In Apapa, there seems to be a jinxed situation that ensures the port city will never have respite from congestion and gridlock caused by inefficiency in port operations and large scale corruption which belies efforts by security agencies and other interest groups to control traffic in the area.
In the last couple of weeks, the Apapa bridges which had become parking lots for trucks heading to the Apapa ports has been largely free as only a few trucks packed in single lane can be found on the bridges. Yet, Apapa is not breathing well. Businesses and residents still have tales of woe to tell.
This is because Apapa-Oshodi Expressway, which is the second major route to the ports and to the port city proper, has become a nightmare as the access road to the Tin Can port has become not only difficult to pass through, but also too costly to use.
The situation at the Tin Can first and second gates are such that it’s affecting port operation significantly with over 40 ships stranded at sea, unable to berth. The congestion has also caused truckers to raise haulage cost by 50 percent within one week.
An unconfirmed report has it that haulage cost , specifically, from Tin Can to any other part of Lagos has risen by more than 1,000 per cent to about N1.2 million, up from about N100,000.
Besides the increase in haulage cost, extortion has assumed an embarrassing proportion. BusinessDay learnt that the presidential task team which had Vice President Yemi Osinbajo as chairman and Kayode Opeifa as executive vice chairman has been disbanded, but the team is quite visible at the troubled Tin Can gates.
This is despite calls by the House of Representatives and other maritime stakeholders on the federal government to disband the team, saying that it has outlived its usefulness and is allegedly participating in extortion and contributing to the congestion at the ports.
Emma Ameke, a clearing agent, told our reporter that there were more than four roadblocks between Tin Can Island Port First and Second Gates set up by the police, NPA security officials and members of the task team where each truck is expected to bribe them before gaining access into the port.
Ameke alleged that this illegal road blocks cost clearing agents about N300 million weekly, explaining that, to enter the port, truck drivers part with as high as N280,000 for security operatives on the road.
When the heat was on the Apapa Bridge, an agent, who spoke in an interview with BusinessDay, but did not want to be named, described the brazen extortion that was going on in and around the port city as “an organized racket.”

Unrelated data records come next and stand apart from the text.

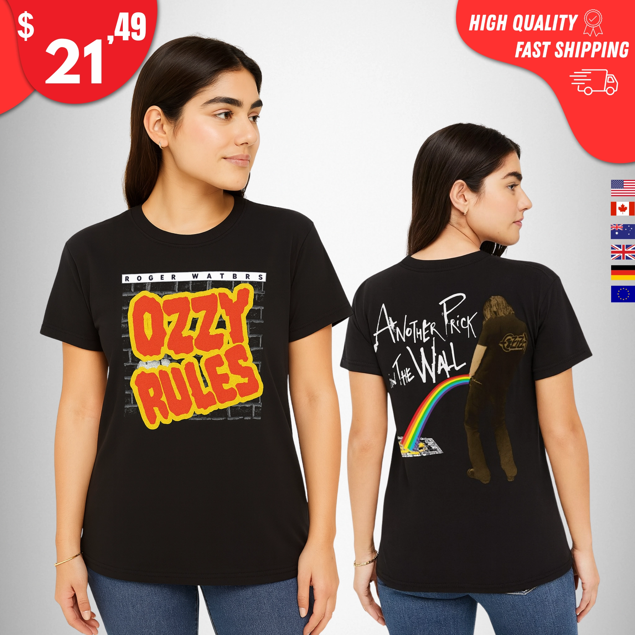 Just like the real-life drop that referenced The Wall with “Another Prick in the Wall” and graffiti-style “OZZY RULES” sprayed over Waters’ name, this Ozzy Roger Waters shirt leans into brick-wall, street-art, and classic rock iconography. It’s the perfect combo of parody, payback, and pure rock ’n’ roll attitude.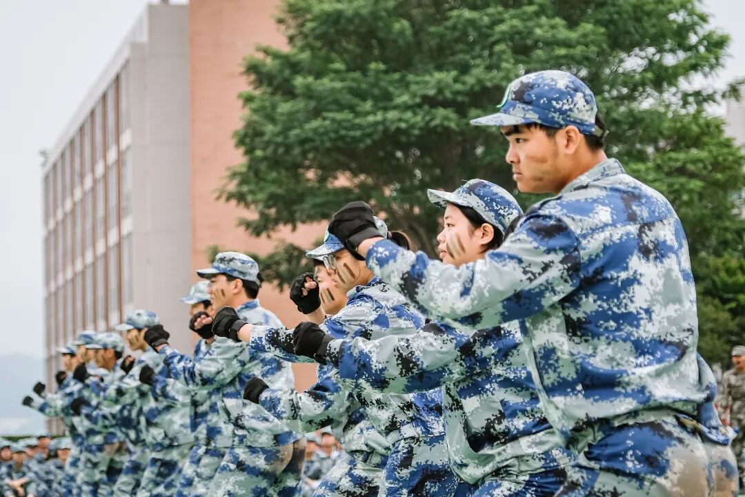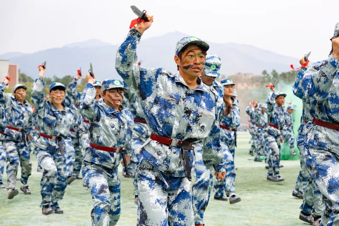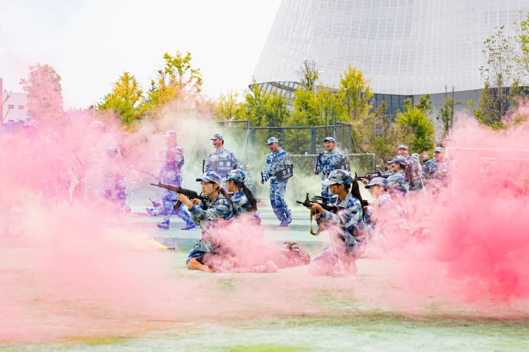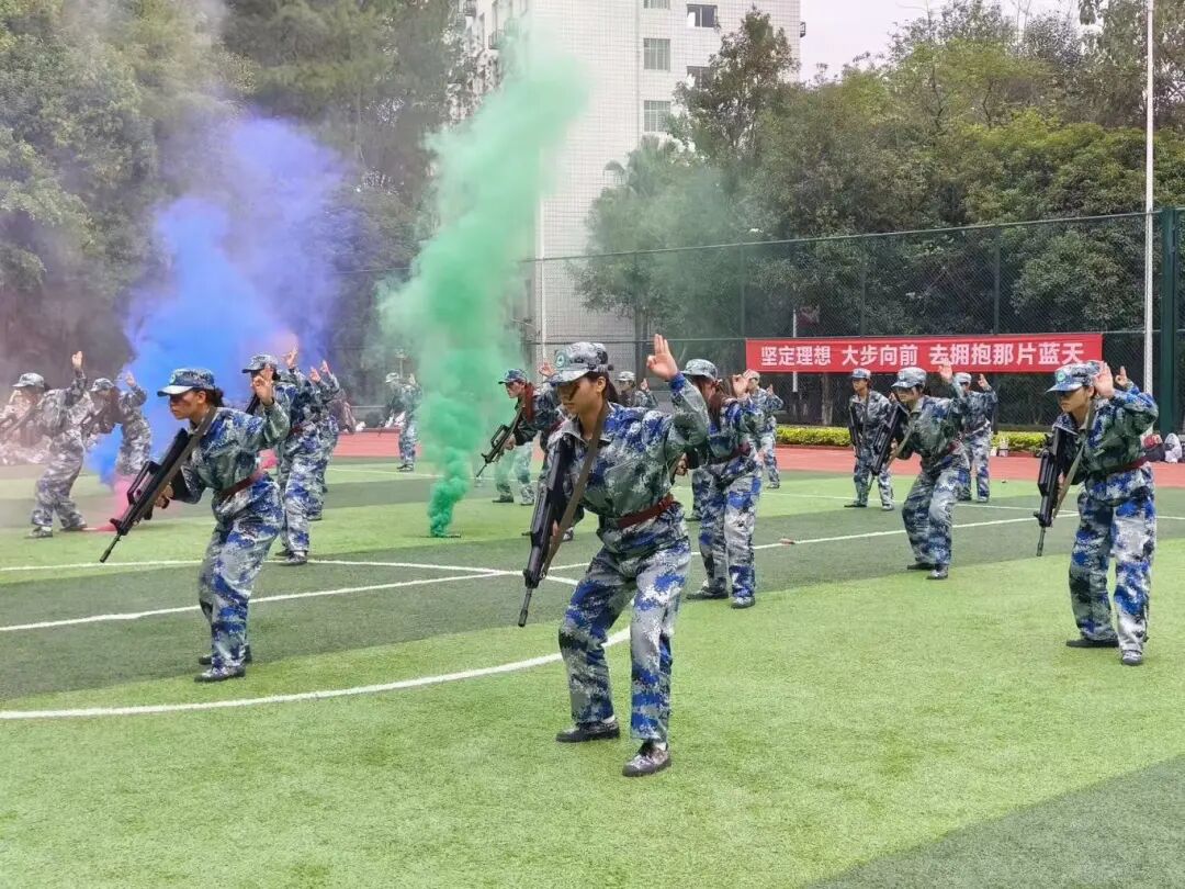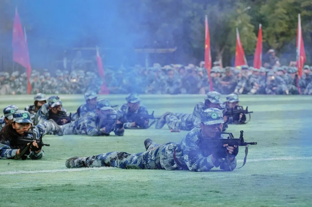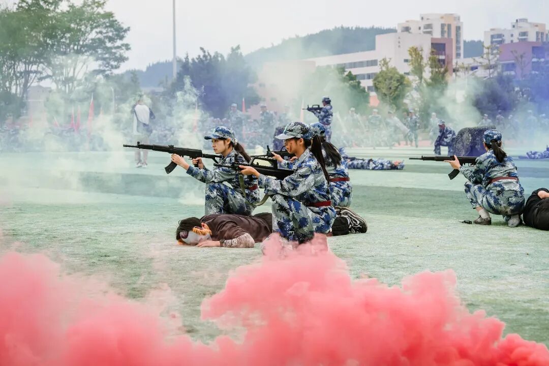 特色军事科目表演环节将现场气氛推向高潮。军体拳方阵拳脚生风,招式刚劲有力;匕首操表演动作整齐划一,突刺迅猛,尽显巾帼风采与飒爽英姿;刺杀操方阵吼声震天,一攻一防间展现出不屈的战斗意志;战术表演模拟战场环境,队员们协同配合,动作干脆利落,硝烟弥漫中彰显了坚毅果敢的拼搏精神,赢得了现场师生的阵阵掌声。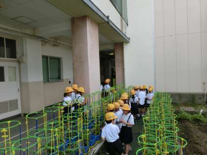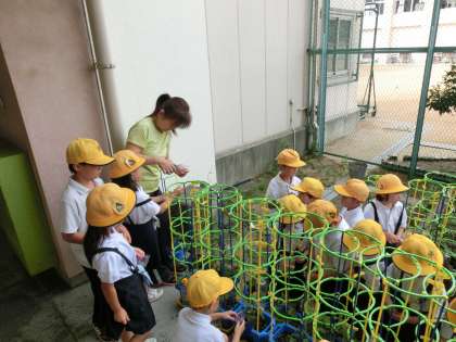 1年生がアサガオの花に肥料をあげました。毎日欠かさず水やりもしています。みんなの思いは1つ…「もっともっと大きくなって、きれいな花が咲きますように!!」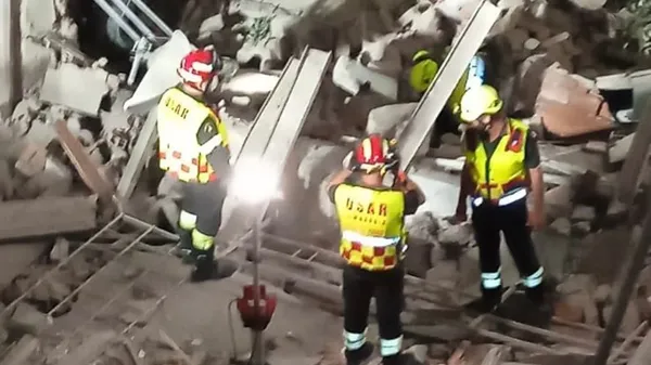 IN CENTRO. Il crollo di un edificio in ristrutturazione per una probabile fuga di gas: in azione sei unità speciali Usar e l’unità cinofila di ricerca persone da Bergamo.

“There is what they call Fast-track. The situation now is such that if you want to take back your empty container to the ports and you want to queue on the road, it can take you two to three months. But if you want the Fast-track system, you will spend between N250,000 and N350,000 to get your way through for 20-foot and 40-foot containers respectively. If you are lucky, they can give you a discount of N50,000 in which case 20-foot will go for N200,000 and the 40-foot for N300,000,” the agent said.
Ameke noted that the extortions at Tin Can gates and the bridges were just two different sides of the same coin. “It is the same cartel that is now operating at the Tin Can port axis, making life difficult for port users and smiling to their banks in the process,” he lamented.
Though Opeifa insists the present situation at the Tin Can port is as a result of the inefficiency of of the port terminals which, he said, needed to be addressed, the Managing Director of Port & Cargo Handling Services, John Jenkins, was reported to have expressed frustration over the near-total collapse of cargo delivery along the Mile 2/Tin Can Island port access road.
Jenkins contended that “transfer of containers by road is almost not in existence because the road is blocked and you can’t get containers out. The problem is the road. If the problem of the road is solved, the problem inside the port will be solved.”
It must be pointed out, however, that the Apapa Oshodi Expressway, from Cele Bus Stop through Mile 2 Bridge is relatively free of the usual heavy truck build up, giving motorists welcoming experience. The occasional bottleneck on the expressway is said to be a direct by-product of the backlash of blocked Tin Can port access road.